Unsupervised Home Births on the Rise: Study

Unsupervised Home Births on the Rise: Study

Unsupervised Home Births on the Rise: Study

Not having either doctor or midwife present is risky, researcher warns

SOURCES: Amos Grunebaum, M.D., director, obstetrics, New York-Presbyterian Hospital, and professor, clinical obstetrics and gynecology, Weill Cornell Medical College, New York City; Paul Burcher, M.D., associate professor, obstetrics and gynecology and bioethics, Albany Medical College, Albany, N.Y.; May 2-6, 2015, presentation, American College of Obstetricians and Gynecologists' annual meeting, San Francisco, Calif.

FRIDAY, May 1, 2015 (HealthDay News) -- Home births without a midwife or doctor present -- which have been linked to increased risk of infant death and disease -- have jumped 79 percent in the United States in recent years, researchers report.

The actual number of unsupervised births is small, with about 5,000 reported in 2007 and more than 8,800 reported in 2012, said study author Dr. Amos Grunebaum, director of obstetrics at New York-Presbyterian Hospital.

But, "I would call that [increase] concerning," added Grunebaum, who is also a professor of clinical obstetrics and gynecology at Weill Cornell Medical College in New York City. "Unattended home births are usually associated with adverse outcomes."

His team is to present its findings at the American College of Obstetricians and Gynecologists' annual meeting, to be held May 2-6 in San Francisco. Research presented at medical meetings is viewed as preliminary until published in a peer-reviewed journal.

For the study, the researchers turned to the U.S. Centers for Disease Control and Prevention database on birth certificates. They defined unsupervised home births as those not attended by a physician, midwife or other doctor.

From 2007 to 2012, more than 24 million births occurred in the United States. Of those, about 141,000 were home births. And about 30 percent of the home births were unsupervised.

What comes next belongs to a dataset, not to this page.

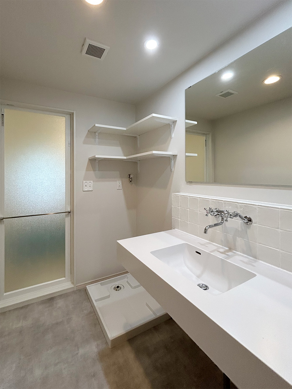 逗子マンションリノベーションOT-HOME 2025-04-26 / komaki マンションリノベーション 進行中のOT様邸キッチン、洗面、UB設備設置完了、周辺タイル完了5月2日 お引渡しに向けて進行中。

The increase in unsupervised home births was higher in women who had already had other children (82 percent), compared with women who were having their first child (65 percent).

But one expert said the study was flawed because it did not take into account all the reasons why a birth might be unsupervised.

"The study is incomplete in that it doesn't answer why there was an increase in unattended birth," said Dr. Paul Burcher, an associate professor of obstetrics and gynecology and bioethics at Albany Medical College in Albany, N.Y. He speculated that it could reflect an increase in the so-called "free birth" movement, in which prospective parents choose unassisted home births.

Another possibility is that some of the births were attended by midwives in states that do not allow them, he said, so the parents had to sign the birth certificates.

"You can't capture what's going on with home births with birth-certificate data," Burcher said, because some unsupervised births may not have been planned. For instance, a baby may have arrived too fast for the mother to get to the hospital, he added.

Grunebaum said the researchers have no data on which women actually chose unsupervised deliveries. "But we are concerned" about the trend, he said. Risks of unsupervised home births include newborn death and other complications, he added.

Guidelines from the American College of Obstetricians and Gynecologists (ACOG) state that hospital and birthing center births are safer. Women who still choose to plan a home birth should be generally healthy, not carrying twins or other multiples, and meet other criteria, ACOG recommends, and should seek assistance from midwives or physicians.

"I would not recommend home birth," Grunebaum added. "I don't think it's safe."

Women who want less intervention and a more home-like setting can request that at the hospital, he said, where emergency personnel and equipment are available if needed.